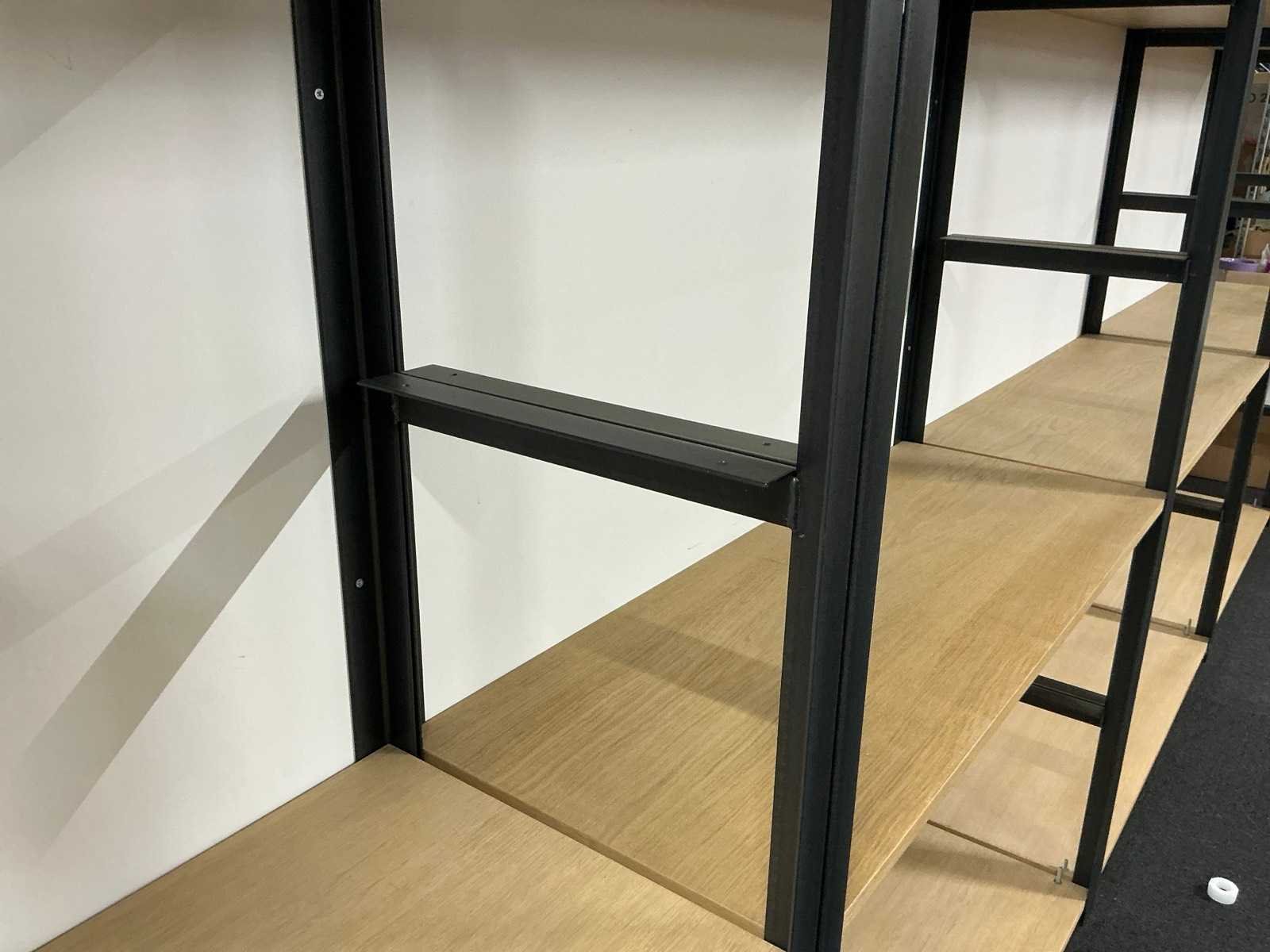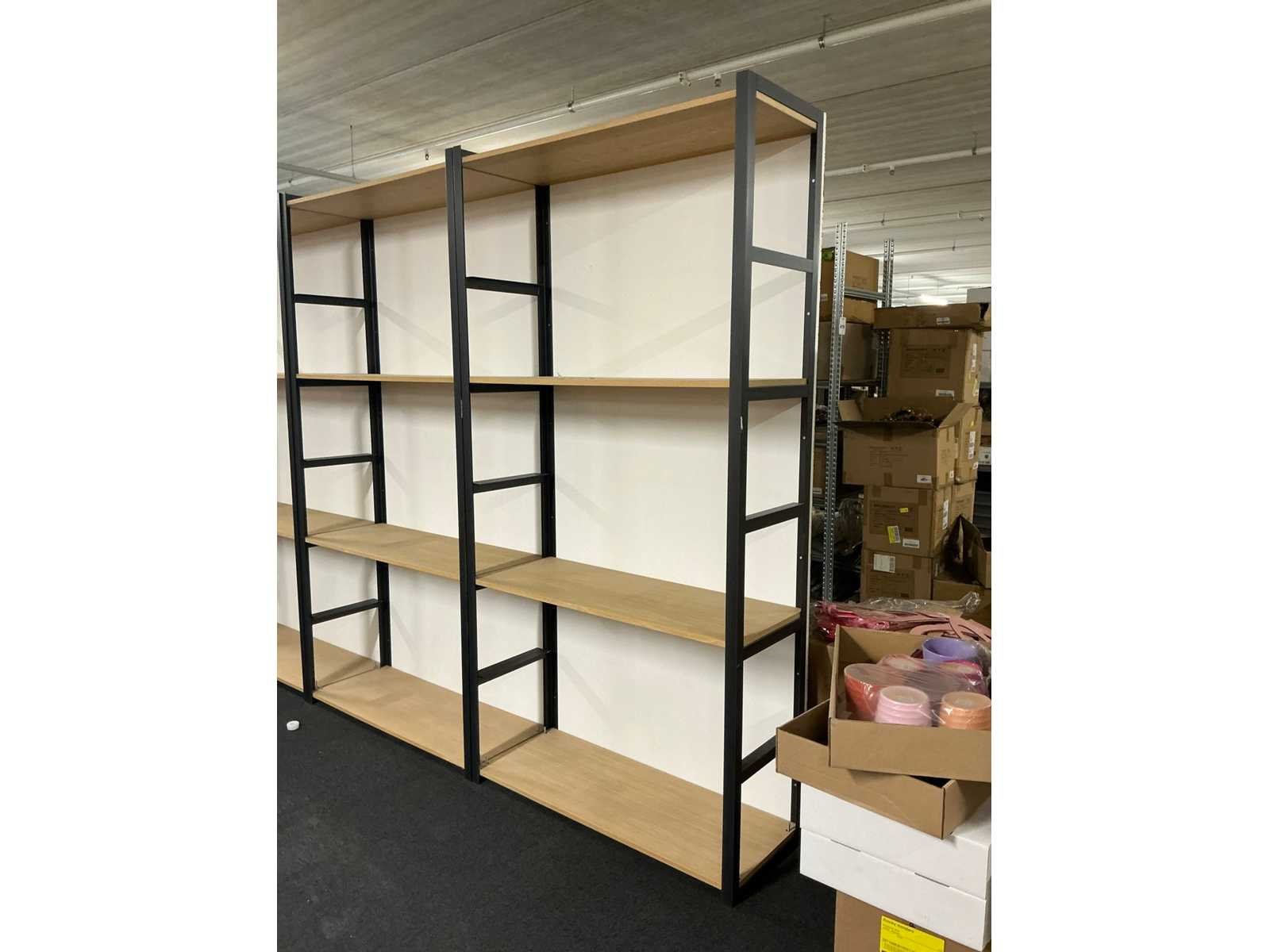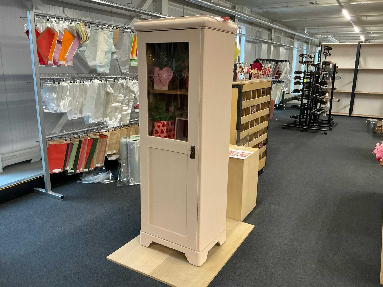Bestaande uit 5 losse delen. (45x120x240 cm) (DxBxH) inclusief 5x achterwand met winkelrekken en staande vitrinekast (47x61x190 cm) inhoud niet inbegrepen.
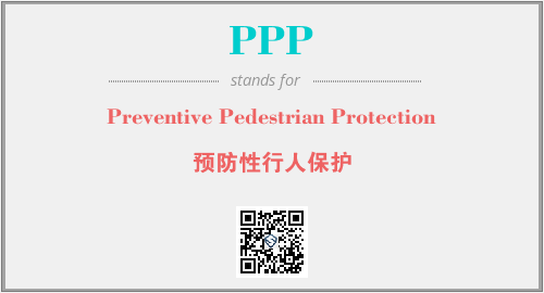 上述内容是“Preventive Pedestrian Protection”作为“PPP”的缩写,解释为“预防性行人保护”时的信息,以及英文缩略词PPP所代表的英文单词,其对应的中文拼音、详细解释以及在英文中的流行度和相关分类、应用领域及应用示例等。
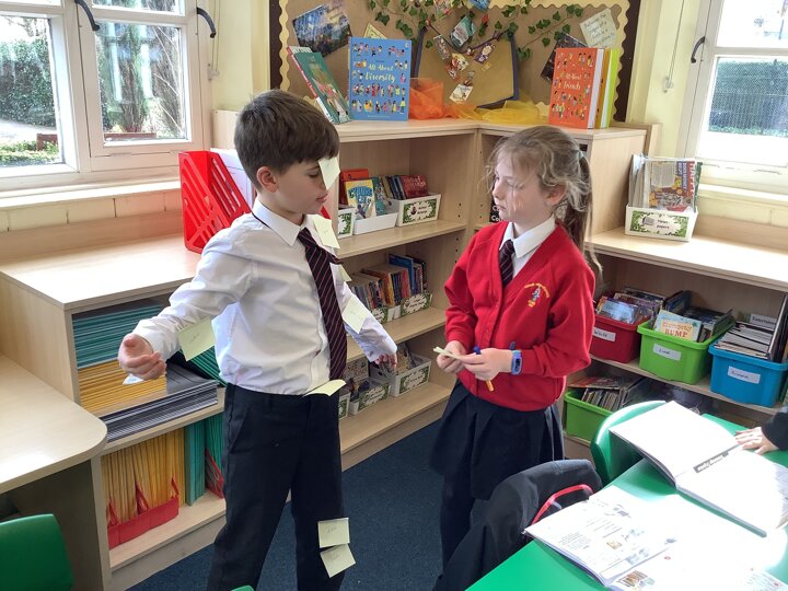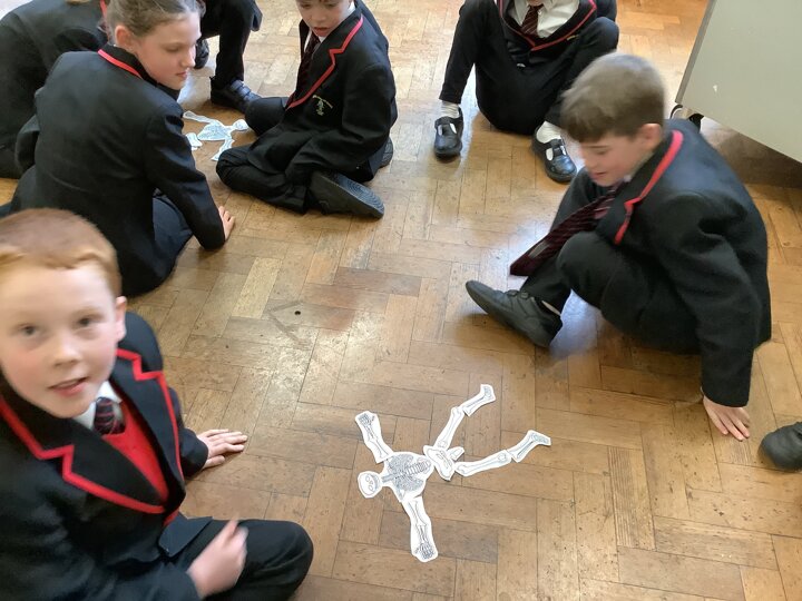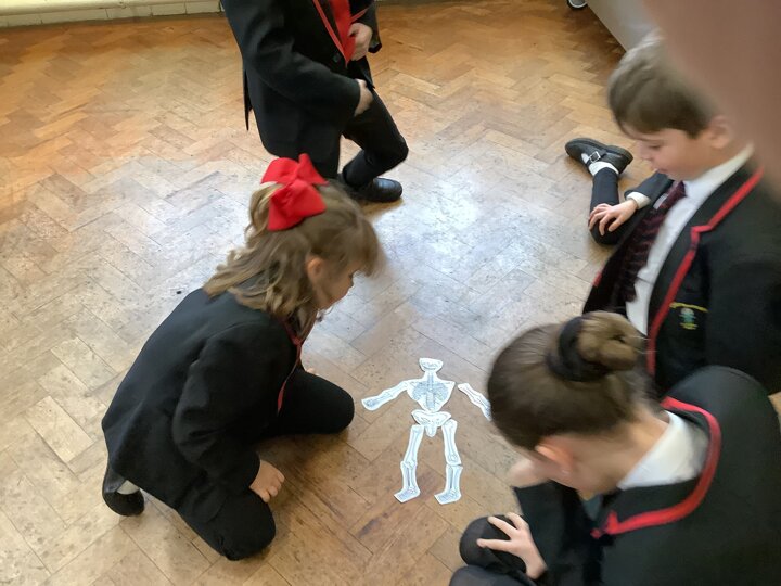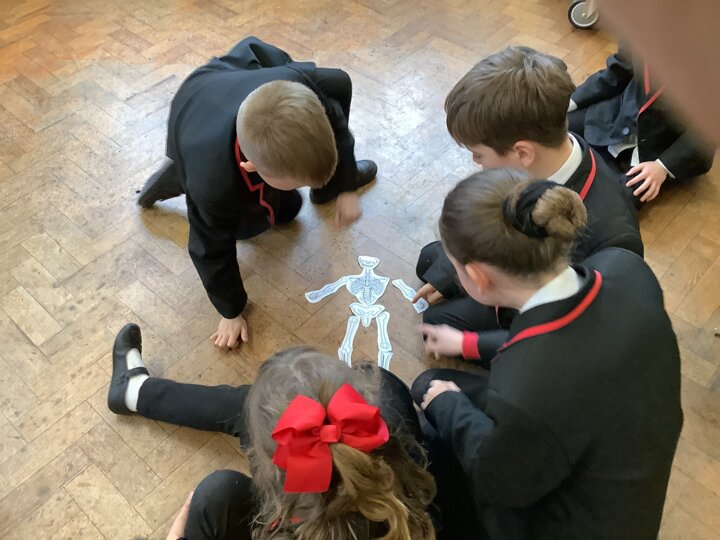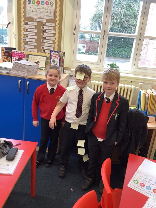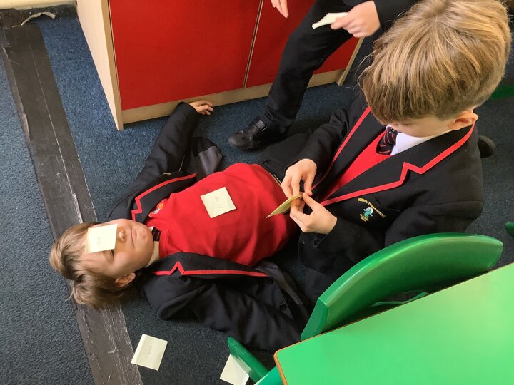 Our enquiry question in science this week was ‘Why do humans need skeletons?’. We used a rubber glove and straws to look at why our bodies need support. We then labelled the bones in our body by post it noting our partners and completing a skeleton relay in pairs. Some great practical science!
━━━━━━━━━━━━━━━━━━━━━━━━━━━━━━
Leave out the pictures and retype every line above exactly.

Bestaande uit 5 losse delen. (45x120x240 cm) (DxBxH) inclusief 5x achterwand met winkelrekken en staande vitrinekast (47x61x190 cm) inhoud niet inbegrepen.
 上述内容是“Preventive Pedestrian Protection”作为“PPP”的缩写,解释为“预防性行人保护”时的信息,以及英文缩略词PPP所代表的英文单词,其对应的中文拼音、详细解释以及在英文中的流行度和相关分类、应用领域及应用示例等。
 Our enquiry question in science this week was ‘Why do humans need skeletons?’. We used a rubber glove and straws to look at why our bodies need support. We then labelled the bones in our body by post it noting our partners and completing a skeleton relay in pairs. Some great practical science!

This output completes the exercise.